Homeschooling ADHD with Charlotte Mason

homeschooling ADHD with Charlotte Mason

I have poignant memories of the chaos and trauma of those years right before we realized two of our kids had ADHD. The rages, the sensory issues, the meltdowns, the distraction, the hyperactivity! While early on we had embraced the classical method of education for our homeschool, I was drowning in the ADHD chaos. Trying to enforce a rigid daily structure with lots of memory work was a constant uphill battle. Additionally, our family was also experiencing different health issues at the time. My husband was going in for his second back surgery when I picked up Karen Andreola’s Charlotte Mason Companion to read in the waiting room. Within just a couple of hours, I devoured that book. It was a breath of fresh inspiration, the grace I needed to navigate our torrent of homeschool challenges. Homeschooling ADHD with Charlotte Mason’s ideas became a game-changer, even a life-changer for us.

While I don’t adhere to everything Charlotte Mason, I really appreciated the outlook she had on children and education in general and her practical tips for maintaining a healthy love for learning. Charlotte Mason changed how I approached homeschooling ADHD kiddos.
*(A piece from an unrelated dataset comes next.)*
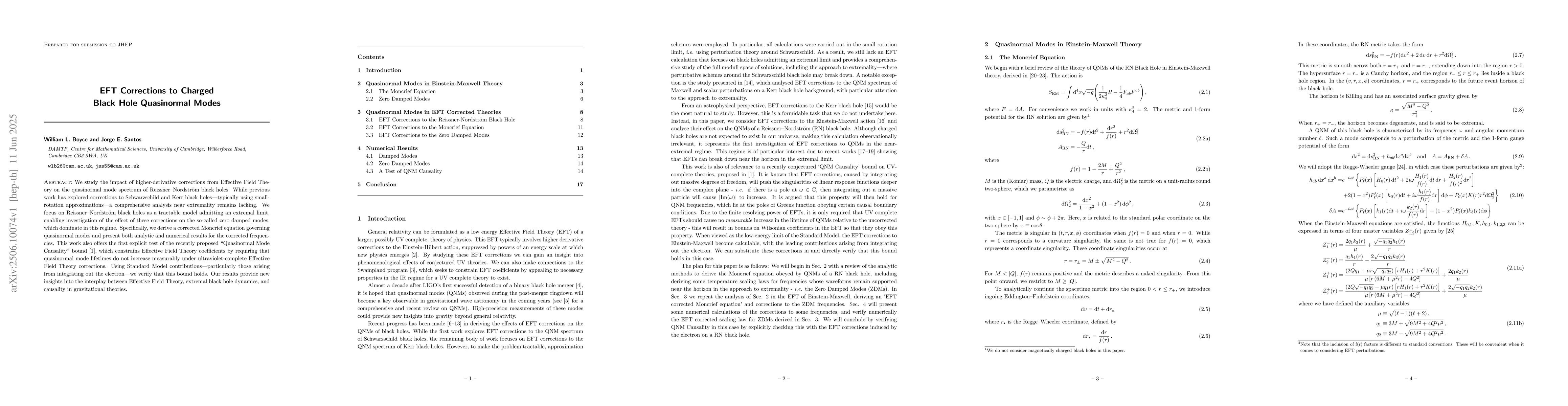 We study the impact of higher-derivative corrections from Effective Field Theory on the quasinormal mode spectrum of Reissner-Nordstr\"om black holes. While previous work has explored corrections to Schwarzschild and Kerr black holes - typically using small-rotation approximations - a comprehensive analysis near extremality remains lacking. We focus on Reissner-Nordstr\"om black holes as a tractable model admitting an extremal limit, enabling investigation of the effect of these corrections on the so-called zero damped modes, which dominate in this regime. Specifically, we derive a corrected Moncrief equation governing quasinormal modes and present both analytic and numerical results for the corrected frequencies. This work also offers the first explicit test of the recently proposed "Quasinormal Mode Causality" bound arXiv:2401.05524, which constrains Effective Field Theory coefficients by requiring that quasinormal mode lifetimes do not increase measurably under ultraviolet-complete Effective Field Theory corrections. Using Standard Model contributions - particularly those arising from integrating out the electron - we verify that this bound holds. Our results provide new insights into the interplay between Effective Field Theory, extremal black hole dynamics, and causality in gravitational theories.

Homeschooling ADHD with Charlotte Mason

Soon after my kids’ were diagnosed with ADHD, my pediatrician recommended a popular book on the topic. I hated it. I hated that the focus was largely on how hard life with ADHD would be. I already knew that. I lived it daily. I wanted to hear something positive. As I read Charlotte Mason’s ideas about children and people, I loved how she helped me gain perspective in those hard moments.

“We all have need to be trained to see, and to have our eyes opened before we can take in the joy that is meant for us in this beautiful life.”

I needed to train myself to look for those positives. The struggles were obvious, but what were the triumphs? What were my kids excellent at? What did ADHD give them? For my kids, ADHD gives them an incredible enthusiasm for life, for adventure, for change. They love people and the spontaneity of life as a pastor’s family. They are highly creative and innovative. They rarely use anything for it’s intended purpose, and very often think of solutions most people would never see. They are idea-machines! They have more ideas in a single day than some people have in a lifetime. And my kids are flat-out funny! Oh my goodness, we are never short on laughs. In the daily grind, it’s not always easy to remember these positives. We have to train ourselves to see the beauty and joy.

“A child is a person in whom all possibilities are present – present now at this very moment – not to be educed after many years and efforts manifold on the part of the educator.”

Parenting and homeschooling ADHD is far from easy. In the midst of training who they will be, we can’t lose sight of who they already are. We tried ADHD meds for a year before deciding to treat it with diet changes. And I’m so thankful for that time. It allowed me to get my head above water and see the connection between what my kids ate and their behavior so that we could make permanent diet changes to help them. And both the meds and the diet allowed me to see who my children really were, beyond the moods and meltdowns and rages and behavior problems.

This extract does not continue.